## About this exercise
Starting at the line that contains "1)默认手绘板方向为0°,绘图区域为左方,支持左、中、右三个位置切换使用。", copy every line through the end of the records below exactly as written, leaving out pictures.

## Available data
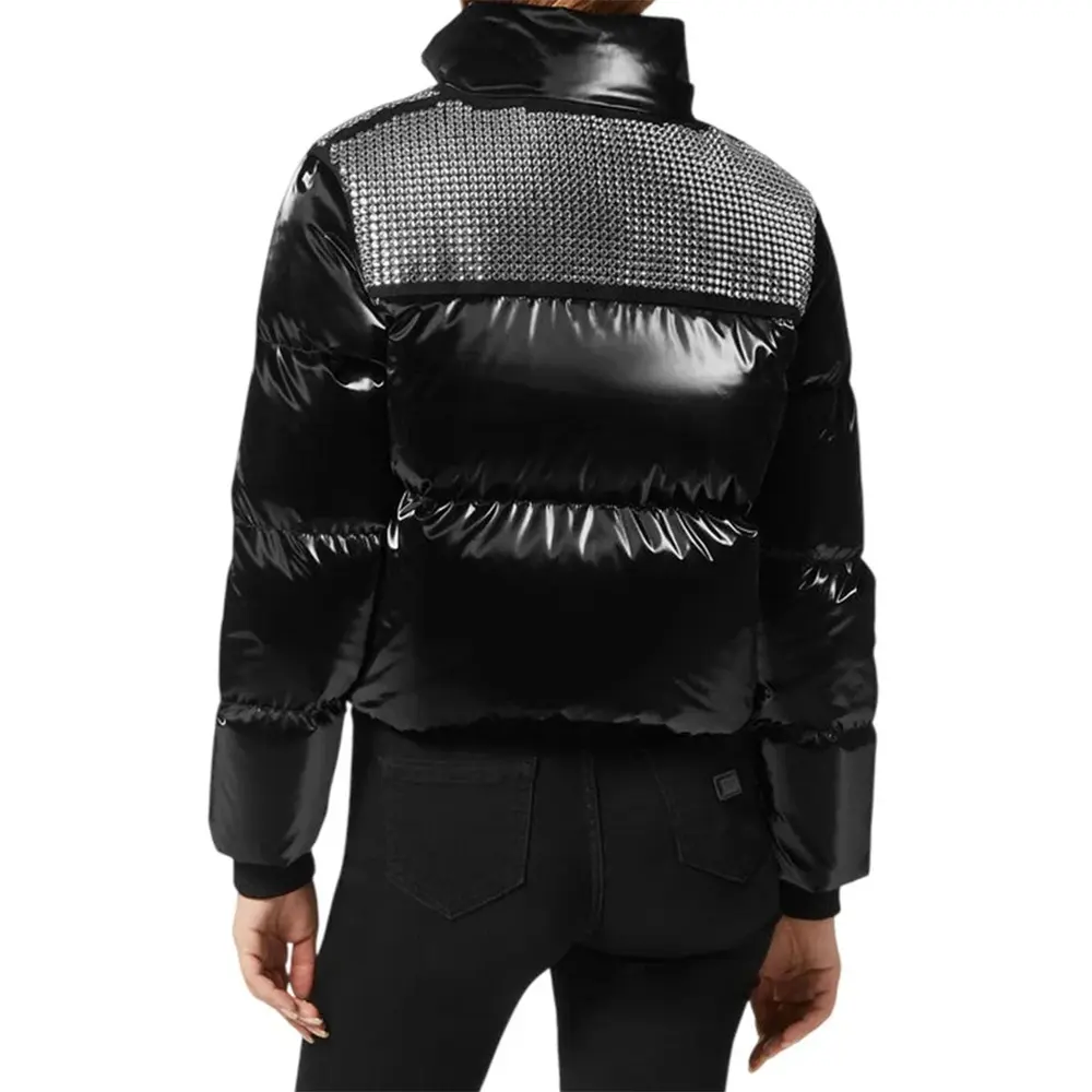 Women Crystal Embellished Glossy Nylon Puffer Jacket by Hide Crafts
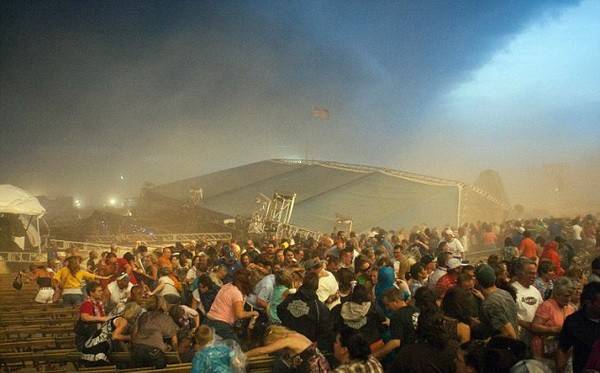 По оценкам, сила ветра в субботу в Индианаполисе достигла 110 км в час. Трагедия произошла за пару минут до того, как на сцену должен был выйти популярный дуэт Sugarland.
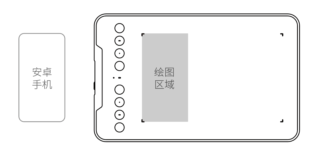 1)默认手绘板方向为0°,绘图区域为左方,支持左、中、右三个位置切换使用。
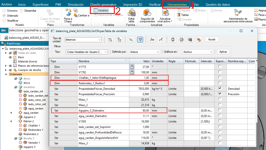Buenas tardes. Las operaciones específicas no se acotan, las variables quedan en la tabla de variables. Operaciones tales como agujeros, ranuras, chaflanes, redondeos, patrones, etc.
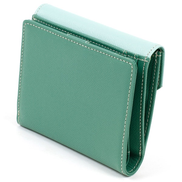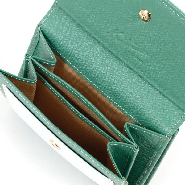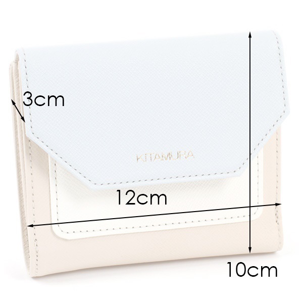 3色のマルチカラーがポイントの二折財布。かぶせに箔押しのKITAMURAロゴをあしらいました。マチがスリムで持ち歩きしやすいコンパクトなつくりです。小銭入れ部分には定期券など使用頻度の高いカードを入れるのに便利なカードポケット付き。素材にはキズが目立ちにくい型押しの牛革を使用しています。

## Reply
 1)默认手绘板方向为0°,绘图区域为左方,支持左、中、右三个位置切换使用。
Buenas tardes. Las operaciones específicas no se acotan, las variables quedan en la tabla de variables. Operaciones tales como agujeros, ranuras, chaflanes, redondeos, patrones, etc.
 3色のマルチカラーがポイントの二折財布。かぶせに箔押しのKITAMURAロゴをあしらいました。マチがスリムで持ち歩きしやすいコンパクトなつくりです。小銭入れ部分には定期券など使用頻度の高いカードを入れるのに便利なカードポケット付き。素材にはキズが目立ちにくい型押しの牛革を使用しています。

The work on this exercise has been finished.